One of the things I love about scripture is the divinely inspired tensions that seem to riddle its pages. One of those moments comes from the Apostle Paul in Philippians 3:13-14. In it, Paul says,
"13 Brothers, I do not consider that I have made it my own. But one thing I do: forgetting what lies behind and straining forward to what lies ahead, 14 I press on toward the goal for the prize of the upward call of God in Christ Jesus."

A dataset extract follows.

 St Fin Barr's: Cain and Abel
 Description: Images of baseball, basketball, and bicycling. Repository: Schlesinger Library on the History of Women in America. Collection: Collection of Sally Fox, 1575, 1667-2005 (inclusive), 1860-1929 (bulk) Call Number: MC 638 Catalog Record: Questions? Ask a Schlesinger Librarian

See, it's right there in black and white ... "forget what lies behind." Forget about the past. Millions of dollars have been made in self-help books telling us to just "pull ourselves up by our own bootstraps", forget about the past and move on with our lives. They tell us the past doesn't matter and is meant to be overcome and forgotten. At least that's what they tell us, and what Paul seems to be saying here.
The tension comes in as we look at what Paul actually did. This fellow talked about his past all the time! In Acts 21 and 22 he goes to great lengths to tell about his past in great detail. In Romans 11 and 2 Corinthians 11 he rehearses how he is a Jew, always has been, the BEST Jew. He does it again in Philippians 3:5. In Acts 26 he tells how he was a Pharisee. In 1 Corinthians 15, he even debases himself before the rest of the apostles because he ... in the past ... persecuted the church of God. More could be said, but suffice it to say here that Paul, (though in Philippians 3 exhorts us to forget about the past and push on ahead) told of his past a lot, every chance he had it seems. Why? Why the tension? Why the incongruous word and action? that's a really good question.

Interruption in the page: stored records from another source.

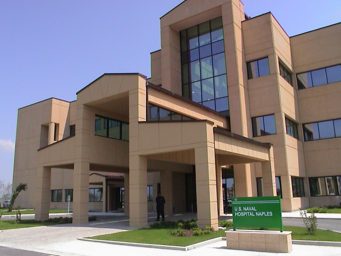 Naval Station Naples, Italy (Apr. 28, 2003) -- The Navy accepted the new U.S. Naval Hospital Naples, Italy from the developer April 23. The hospital staff is in the process of testing and training on new equipment in anticipation of the planned opening June 16. A ribbon-cutting ceremony is scheduled for June 20. U.S. Navy photo by Journalist 1st Class Joseph Kane. (RELEASED)
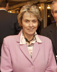 Anne McIntosh MP at the All-Party Parliamentary Gardening & Horticulture Group meeting - November 2011
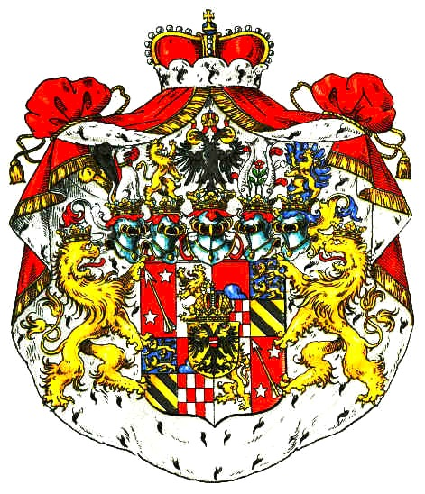 Coat of arms of the Princes of Pless.
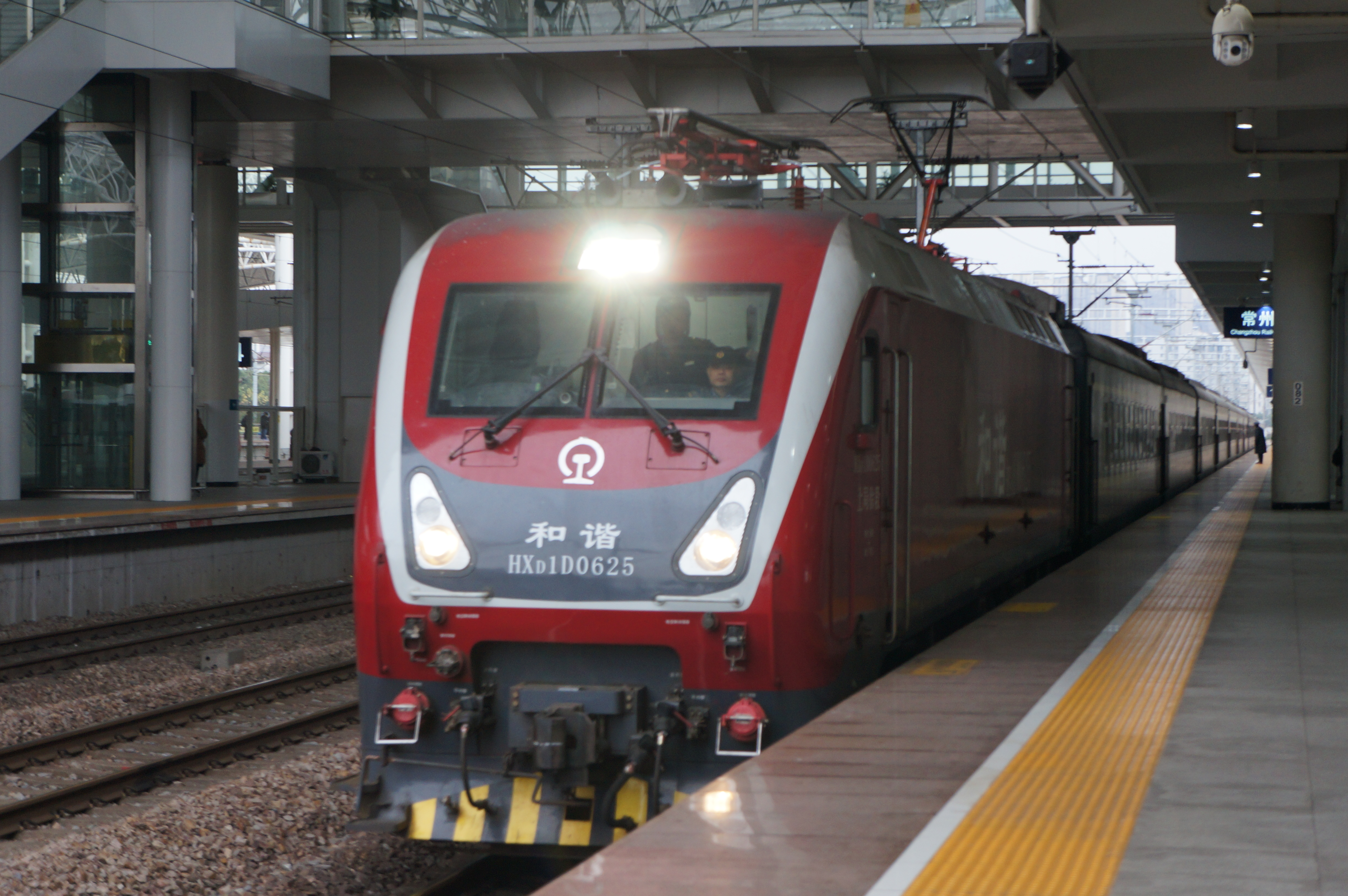 201812 HXD1D-0625 hauls K172 enters into Changzhou Station
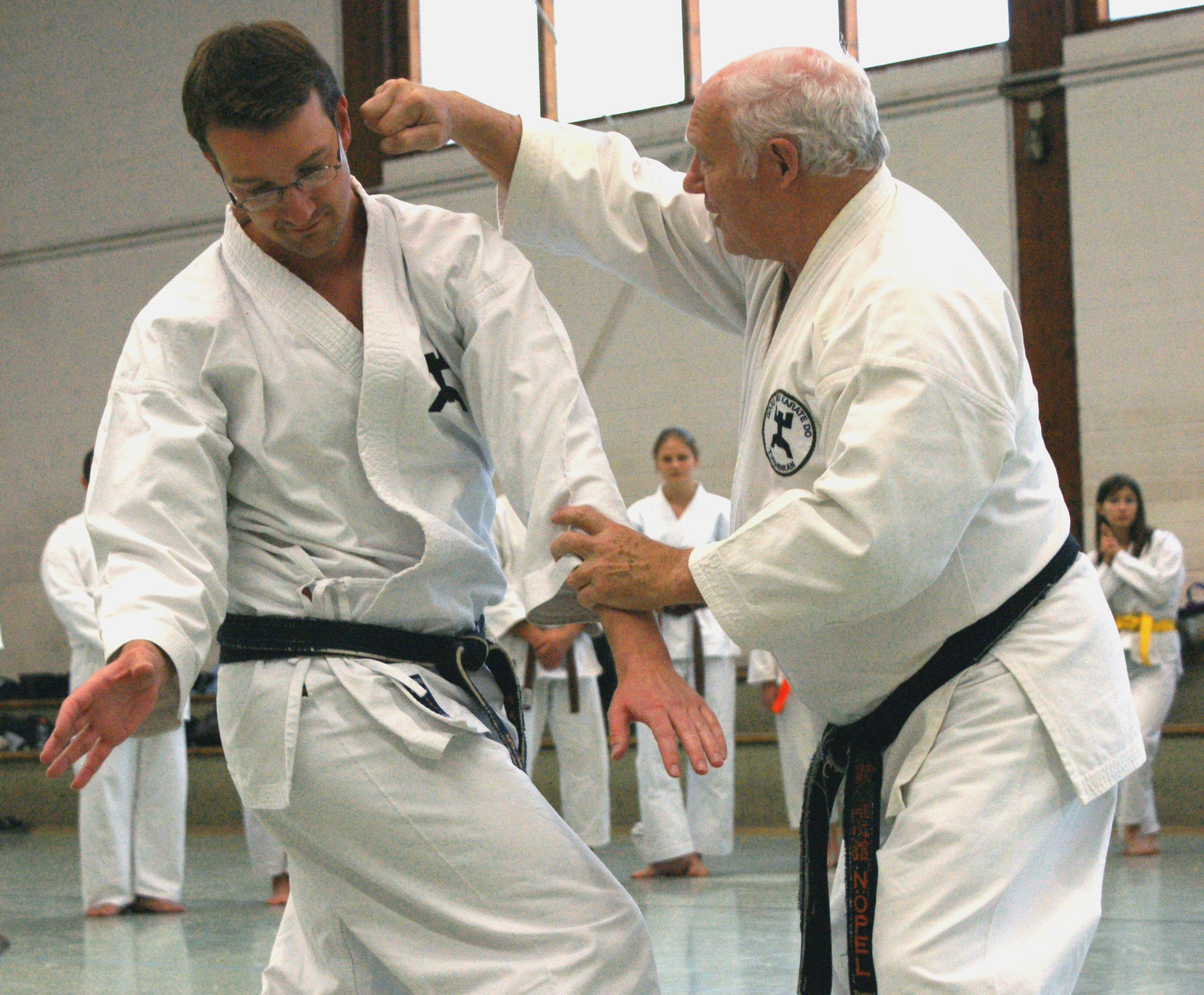 Fritz Nöpel, 9th dan Gōjū-ryū karate, demonstrates Furi uchi with Nakadaka ippon ken with Ralf Budde, 4th dan, on a workshop of Turngemeinde Witten (sports club).
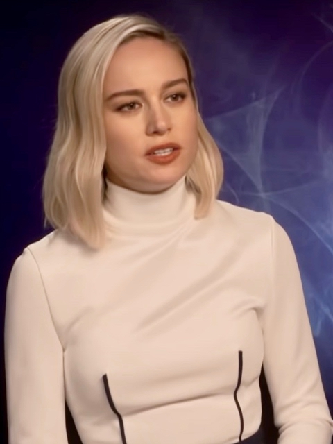 Brie Larson at an interview for Captain Marvel
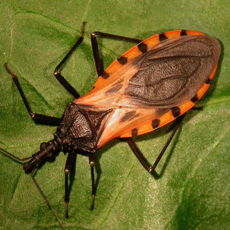 Photograph showing an adult specimen of Triatoma dimidiata from Colombia.
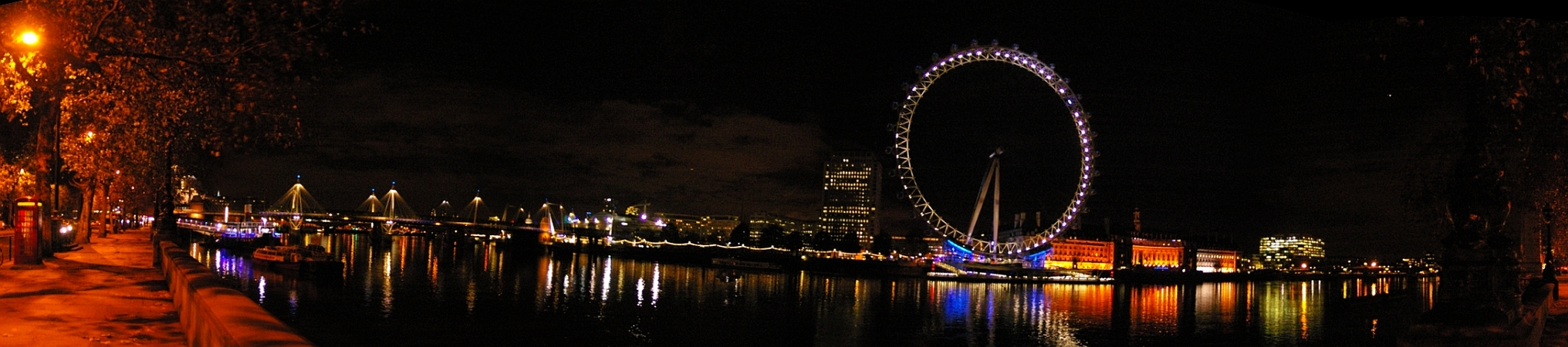 River Thamese panoramaview

In the Lion King, Rafiki almost gets it right in that iconic scene where he raps Simba on the head with his staff and basically tells him to "forget about it, it's in the past." Simba is having none of it, but Rafiki speaks some almost right truth to the young lion when he says you have two choices: run from the past or learn from it. Again, he almost gets it right, but not quite.
Even as you read really good and thorough commentators and theologians, there is almost ubiquitous agreement on the textual interpretation to "forget the past." However, when I read Paul in other places, he simply didn't forget it. Maybe it is because the letter to the Philippians was likely written some 30 or so years after his Damascus experience, maybe he had forgotten. Wait, that won't work either because he spends the first half of chapter 3 remembering those things which are behind! He does it again!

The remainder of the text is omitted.